En cuanto a las hogueras, es cierto que antes había muchas más, y más grandes, en Barcelona. Yo recuerdo cuando era pequeña, hará unos veinte años, que iba a la hoguera más cercana a mi casa, cerraban el tráfico en el cruce entre dos calles y la hoguera era casi tan alta como los edificios e varias plantas. La gente ponía sus muebles viejos, yo siempre tiraba mis apuntes de ese curso, había puestos de comida, bebida y músic alrededor y todos tirábamos petardos por ahí cerca y a la hoguera. Ya entonces oía a los mayores que no había tantas hogueras como antes, en las que había habido una en cada esquina. Parece que cada vez lo han considerado más peligroso y sobretodo costoso (cerrar el tráfico, tener un gran número de bomberos, médicos, guards urbanos,... trabajando, etc.) y actualmente son realmente difíciles de encontrar en medio de la ciudad, son hogueras mucho más pequeñas, que se pueden saltar, y no duran en absoluto toda la noche. Pero la fiesta se sigue haciendo y sigue siendo muy inportante. No sé si en Valencia, Málaga u otros lugares la supuesta _seguridad_ está matando también a las hogueras.


----------



## K-Milla

Katuka said:


> Creo que debí comenzar este post con mi tierra natal, Chile (amado). Creo que me entusiasmé con las fiestas corrientes en dónde vivo.
> 
> Son las "Fiestas Patrias". Sucede en *Septiembre*, se celebra la independencia, dura en estricto rigor d*os días* (ya en la práctica son en general tres) y se caracteriza por el tinte "huaso". La música (cueca), vestimenta (espuelas, poncho y sombrero huaso) , bebidas (chicha) y comidas (empanadas), todo es increíblemente alegre y...huaso. Aunque, confieso, también se caracteriza por los excesos.
> 
> _Algo que impresiona y conmuve es la cantidad de banderas chilenas por dónde se mire, cada vehículo, cada casa, cada mirada tiene la palabra Chile estampada, es demasiado colorido y bello._
> 
> Katty




La verdad que me impresiona la semejanza que tiene la celebración en Chile con la de México. La fecha es Septiembre, la fiesta generalmente es de dos días para todos [15 y 16]. Muchas personas se visten de manera tradicional [charros, adelitas...] y se ven banderas mexicanas por doquier.


----------



## PABLO DE SOTO

En España no existe un día nacional que se celebre popularmente.
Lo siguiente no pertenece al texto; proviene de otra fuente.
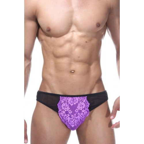 Черно-фиолетовые слипы для мужчин с низкой посадкой. На ягодицах и по бокам полупрозрачная черная тонкая ткань, а спереди яркая фиолетовая вставка из кружева.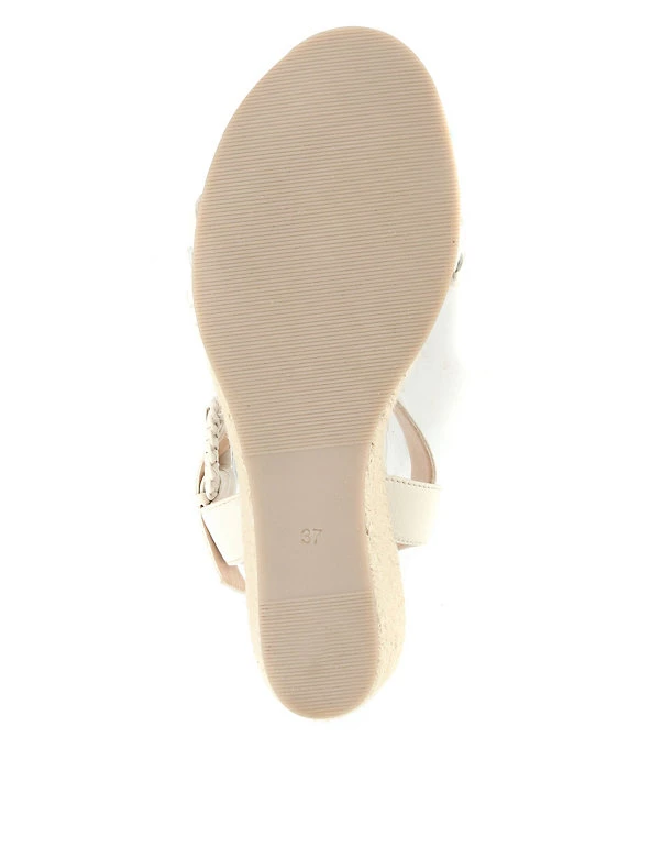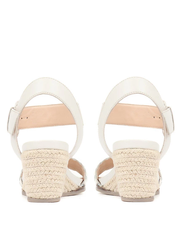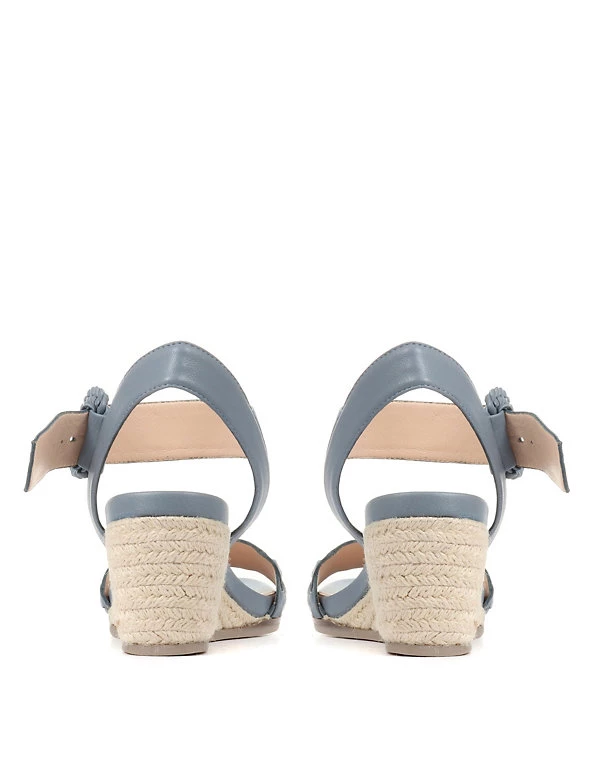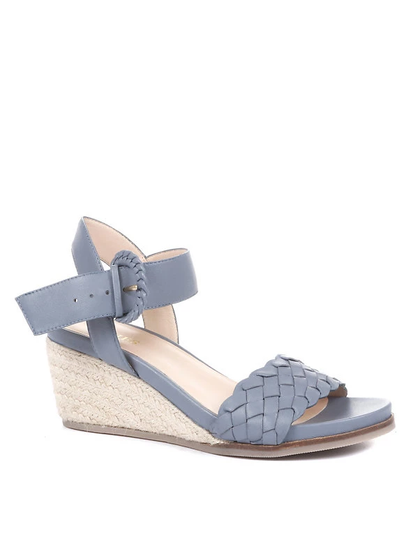 Bring a dressed-up feel to your warm-weather outfits, with these leather espadrilles from Jones Bootmaker. They’re made in a comfortable regular fit, with a raffia trim on the mid-height wedge heels. The woven pattern on the open toes is echoed in the oversized buckle fastenings at the ankle, and a full leather lining gives excellent breathability.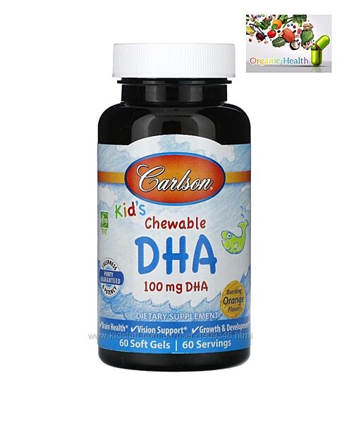 Омега 3 для детей, Carlson Labs, Жевательная ДГК для детей, с вкусом апельсина, 100 мг,60 капсул- стоимость 400 грн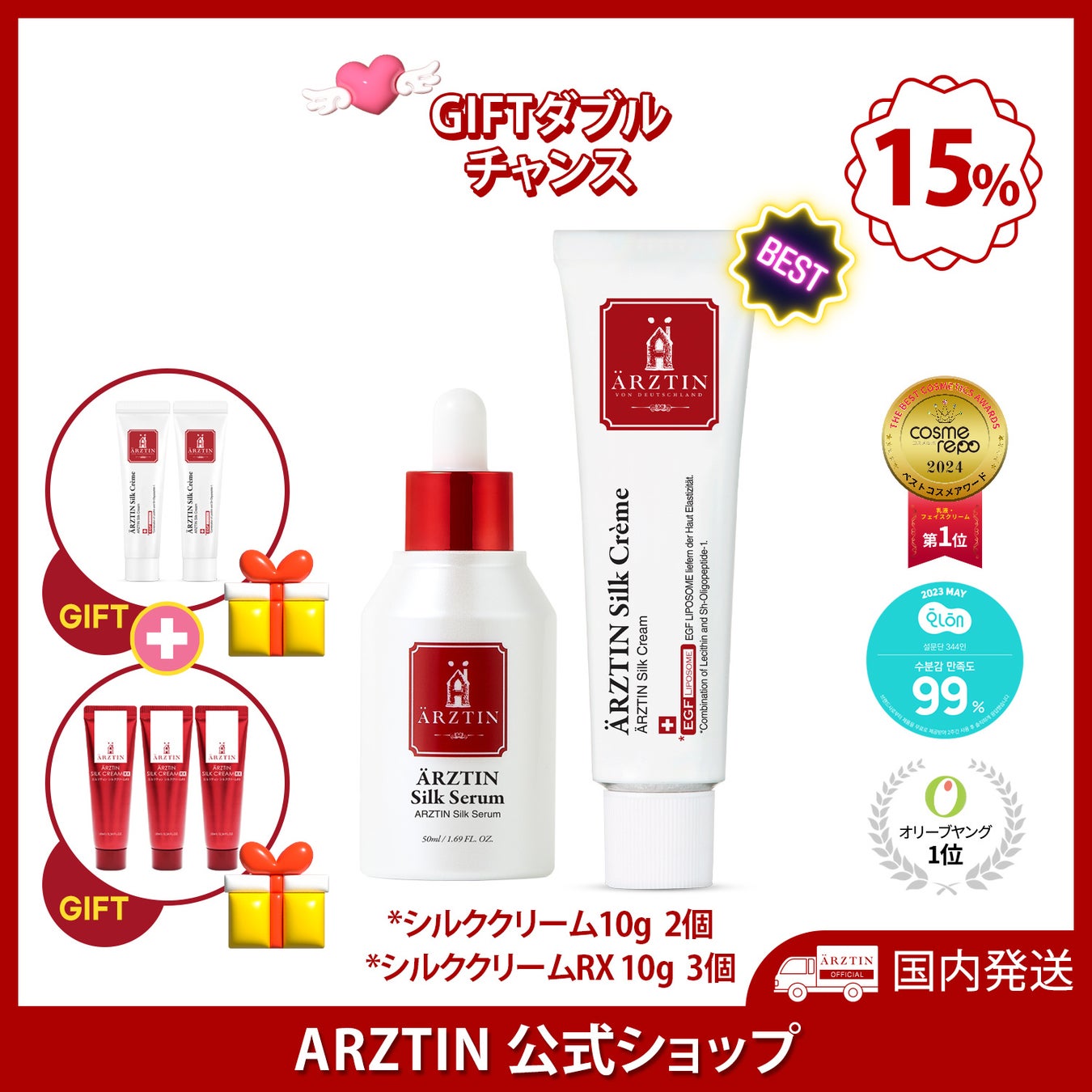 今回のメガ割イベントセット構成の商品以外にもエルツティンの『シルククリームRX 10G』単品の商品もプレゼントする。プレゼントたくさんもらえるイベントを行う。エルツティンのシルクセラムは弾力効果がありEGFリポソームと3GFコンプレックス配合で早くお肌の弾力を回復させる。17種類の肌アミノ酸と3重発酵エキス30,000ppm配合で 肌に深い保湿を提供し、乾燥を防ぎ、肌をしっとりと保ちますので高保湿光彩効果がある。他には 肌バリアの強化、 敏感肌にも使用可能、ブライトニング効果の様々な性能でシルクセラムを感じてください。

No hay algo parecido a un día nacional de España que se celebre de modo popular.
Existen el día de la Hispanidad y el día de la Constitución que son días de fiesta en todo el estado, pero en la práctica son meros días de fiesta oficial, con algún desfile, discursos conmemorativos y recepciones reales, pero sin expresión festiva en la calle, salvo en un lugar donde coincide el día de la Hispanidad con una fiesta local ( la Virgen del Pilar en Zaragoza).


----------



## sureño

chics said:


> No es así, fiestas como San Juan, San Jordi en Cataluña, la tomatina en Buñol, las fallas, las fiestas mayores de ciudades y pueblos en general, etc. están cada día más vivas


Bueno, me alegro por ustedes allí en España. Pero definitivamente aquí es todo lo opuesto; al menos en la región donde yo vivo. En esta zona del centro y sur del país, el carnaval ha prácticamente desaparecido. Las fogatas de San Pedro y san Pablo pasan totalmente inadvertidas y las fiestas patrias otrora saludadas con fuegos artificiales al comienzo y al final del día, con eventos especiales durante todo el día han caído en desuso. 
Tal vez otros compatriotas podrían decir como es la situación en su entorno. Quizás no sea igual en todas partes.


----------



## Mariaguadalupe

Definitivamente una de las fiestas que nos caracteriza como mexicanos, y tal como describen se celebra en cada uno de los municipios del país, es el aniversario de la Independencia de México. El desfile que se lleva a cabo en la Cd. de México es militar y es presidido por el Presidente de la República. Otra fecha igual de importante y con el mismo sentido de patriotismo es el aniversario de la Revolución Mexicana; sin embargo, en esta fecha el desfile se caracteriza por ser deportivo, eso si, muchas adelitas y charros. Hay otras dos fechas que aunque no son del tipo patriótico si tiene que ver mucho con la cultura-el día de los muertos (fieles difuntos) que se celebra el 2 de noviembre y el día de Nuestra Señora de Guadalupe que es el día 12 de Diciembre. En ambas fiestas también se paraliza gran parte del país sobre todo las escuelas.


----------



## bb008

Hola

Venezuela se caracteriza mayormente por tener muchos días de festividades, generalmente son de carácter religiosos y en cada Estado o Región tiene su importancia, por lo menos en el Estado Lara celebran la procesión de la Divina Pastora, el Zulia la Feria de la Chinita, en Corpus Christi están Los Diablos de Yaré, eso es una maravilla y el día de San Juan en toda la costa venezolana lo celebran con los tambores eso también es una delicia...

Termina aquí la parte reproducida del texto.